The ACE test (Adverse Childhood Experiences) is a short, ten-question screening that asks about difficult experiences before the age of 18: abuse, neglect, and household dysfunction. It comes from a landmark 1998 study by the CDC and Kaiser Permanente, which found a simple but powerful pattern: the more adversity a child faces, the higher their statistical risk of health problems decades later.
What the ACE test measures
Your ACE score is the number of categories you experienced, from 0 to 10. They fall into three groups:
- Abuse - emotional, physical, or sexual.
- Neglect - emotional or physical.
- Household dysfunction - a parent with mental illness or substance use, incarceration, domestic violence, or parental separation.
What your ACE score means
A higher score signals higher statistical risk, not a verdict. Research links scores of 4 or more to greater rates of depression, anxiety, heart disease and other conditions. But these are population averages - they describe groups, not your individual future.
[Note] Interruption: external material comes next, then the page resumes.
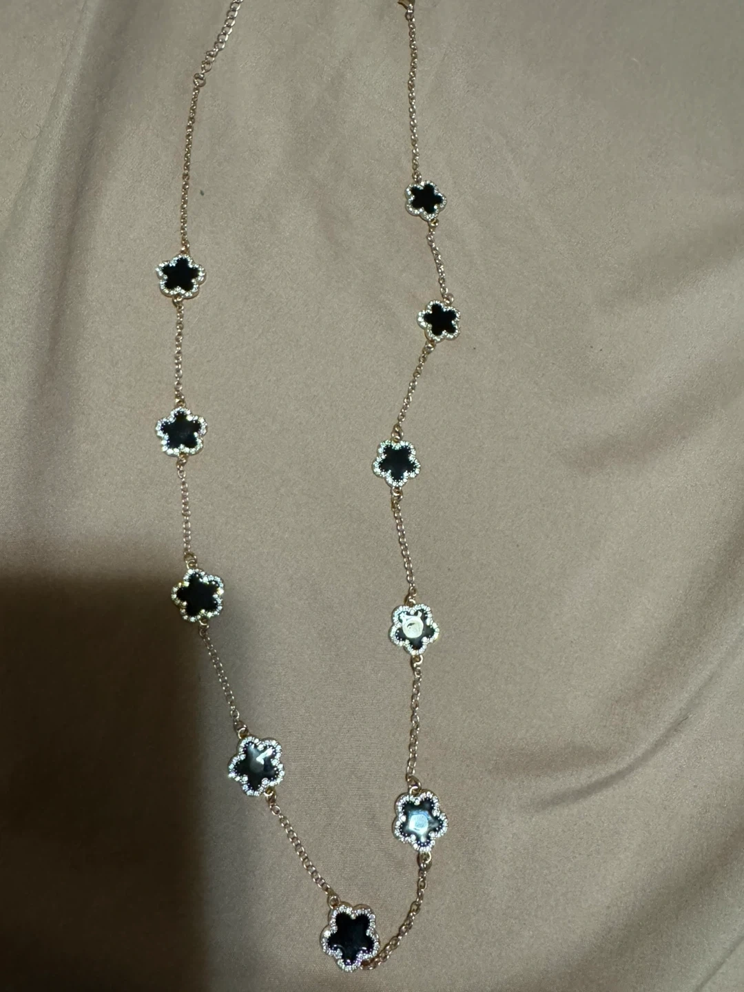 Selling a Van Cleef & Arpels Alhambra necklace! It features the iconic clover motif in black and gold. A timeless piece that adds a touch of elegance to any outfit

Many people with high ACE scores live healthy, connected lives.
How early adversity reaches the adult brain
The mechanism is chronic stress. Early adversity keeps the body's stress and arousal systems switched on, and over years that can leave a lasting imprint on how the brain is wired, particularly the regions tied to arousal, attention and emotion. Recent brain-imaging research even suggests that socioeconomic stressors in childhood shape brain organization more than almost any other single factor. We break that study down in how socioeconomic status shapes a child's brain.
Your score is not your future
The most important finding in ACE research is resilience. One stable, caring relationship, good sleep, therapy, movement and community can buffer and even reverse much of the risk. Knowing your score is useful precisely because it points to what to protect and what to repair.